The reduction in blood glucose by different doses of Artesunate and other artemisinin derivatives like artemether has been reported by other researchers for a long time (21, 30–32). In our recent study, we also reported that artesunate produced a blood glucose-lowering effect in female rats at both 2.9 mg/kg and 8.7 mg/kg, but differential effects in the male rats - reduction with 2.9 mg/kg treatment for 5 days but increase at both 5 days and 15 days’ treatment of 8.7 mg/kg (24). Using the same doses as in our previous study (24), we have consistently shown in this study that artesunate’s effect on the blood glucose is gender-, dose- and duration-dependent. In male rats for instance, we again observed a reduction in blood glucose by low (2.9 mg/kg) and high (8.7 mg/kg) doses of artesunate at 5 days but increase by high dose and no change by low dose of artesunate at 15 days. Our present data on female rats similarly show that blood glucose was reduced by low dose artesunate at 15 days while other groups were not affected. However, it is noteworthy that the low dose of artesunate caused hypoglycaemia on the 5th day of administration while hypoglycaemia occurred on the 15th day of administration in female rats treated with the same dose. This suggests that the onset of artesunate-induced hypoglycaemia is much earlier in male than female rats as opposed to the early occurrence of artesunate-induced haemolysis in female rats earlier reported (24). Is the artesunate-induced reduction in blood glucose related to increase in insulin level?
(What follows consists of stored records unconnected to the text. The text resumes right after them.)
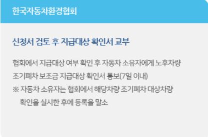 2. 신청을 하고 나면 7일 이내로 한국자동차환경협회에서 조기폐차 보조금 지급대상 확인서를 통보합니다.
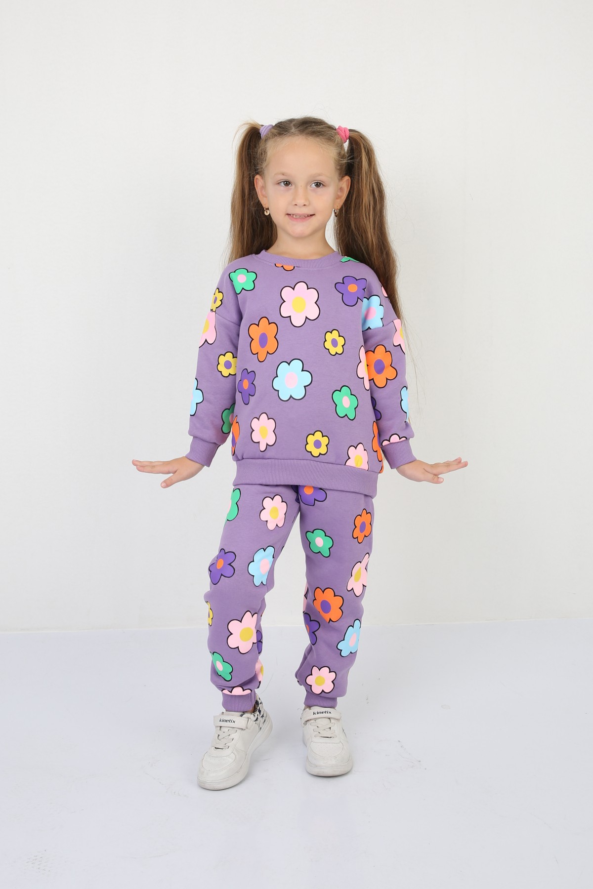 · Üç iplik şardonlu kız çocuk günlük takım, sıcak ve konforlu kullanım sunar;
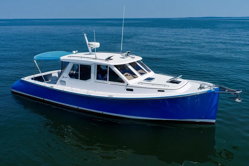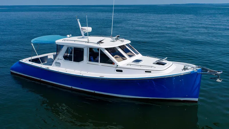 Designed with the active boater in mind, the True North 38 includes features such as a spacious swim platform, transom door, and plenty of storage for kayaks, paddleboards, or fishing gear. Its responsive handling, shallow draft, and robust hull make it well-suited for a variety of cruising grounds.
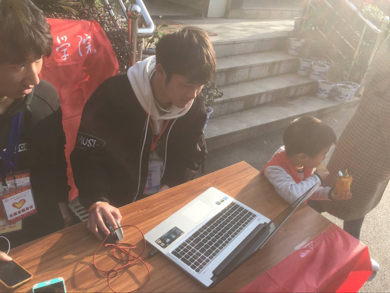 本次活动志愿者分成两组,一组进行上门服务,另一组则设立专门的志愿服务点。记者现场看到,前来维修的居民络绎不绝,志愿者们细心地为居民们检查电脑问题并帮助他们解决。“同学你好,我这台电脑坏了好长时间了,麻烦你帮忙看看还能不能用好吗?”社区居民毛先生拿着一台电脑来到志愿服务点。志愿者检查后发现系统出了故障,在征得毛先生的同意之后,志愿者现场免费为其重装了系统。
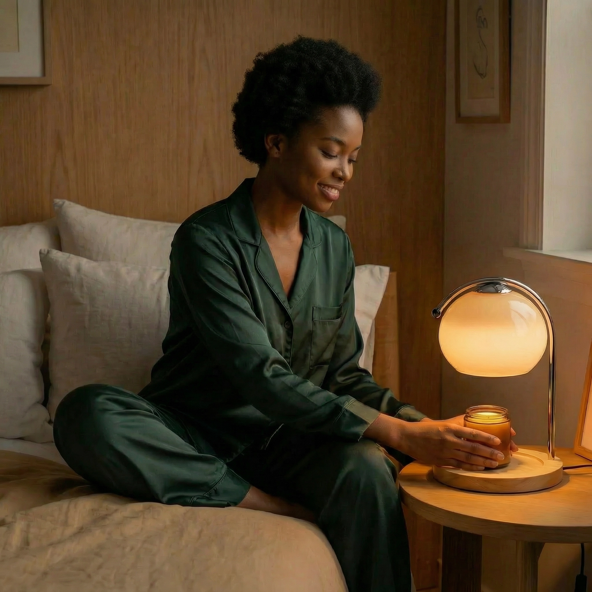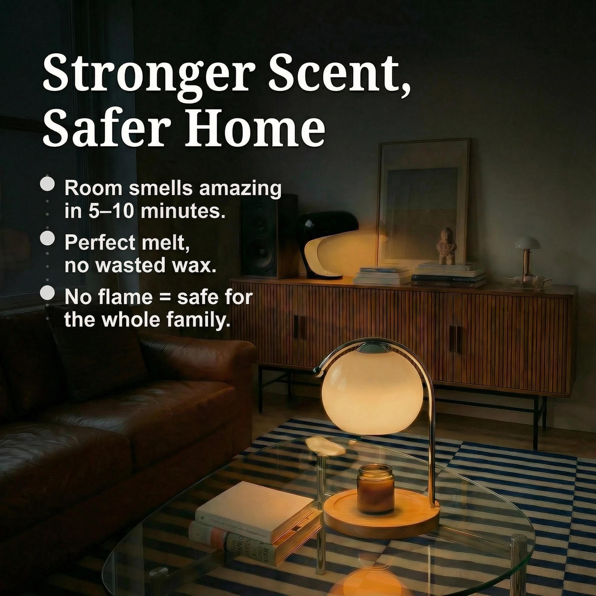 Our Meva lamps changes everything. The 50W bulb gently warms the entire top surface, melting wax evenly from edge to edge. Only the fragrance is released; the wax stays behind. Your candles last up to 5x longer, smell stronger, and there's zero smoke, soot, or open flame to worry about.

The mechanism of hypoglycaemia induced by many antimalarial drugs have been suggested to be related to increase in insulin secretion. For instance, cinchona alkaloids (quinine and quinidine) increases insulin secretion by blocking ATP-sensitive potassium (K+ ATP) channels in the pancreatic beta cells (30, 32). Similarly, chloroquine and halofantrine increase plasma insulin and glucose uptake, leading to hypoglycaemia (21, 33). Loss of functional β-cells, as evident from the absence of serum insulin C-peptide, is a major problem of Type-1 diabetic patients. Regeneration of patient-specific insulin-producing cells have been attempted using different cell sources including hepatic cells, embryonic stem cells, exocrine cells, induced pluripotent stem cells and endocrine cells (34–36). α-cells, which are developmentally closely related to β-cells, have the ability to replenish insulin-producing cells after extreme β-cell loss (37). During development (38) and when genetically triggered in adulthood (39), overexpression of the transcription factor Pax4 converts α-cells to β-cells. Moreover, the β-cell factor Pax4 represses the α-cell master regulatory transcription factor Arx (40), the loss of which converts α-cells into β-cells (41).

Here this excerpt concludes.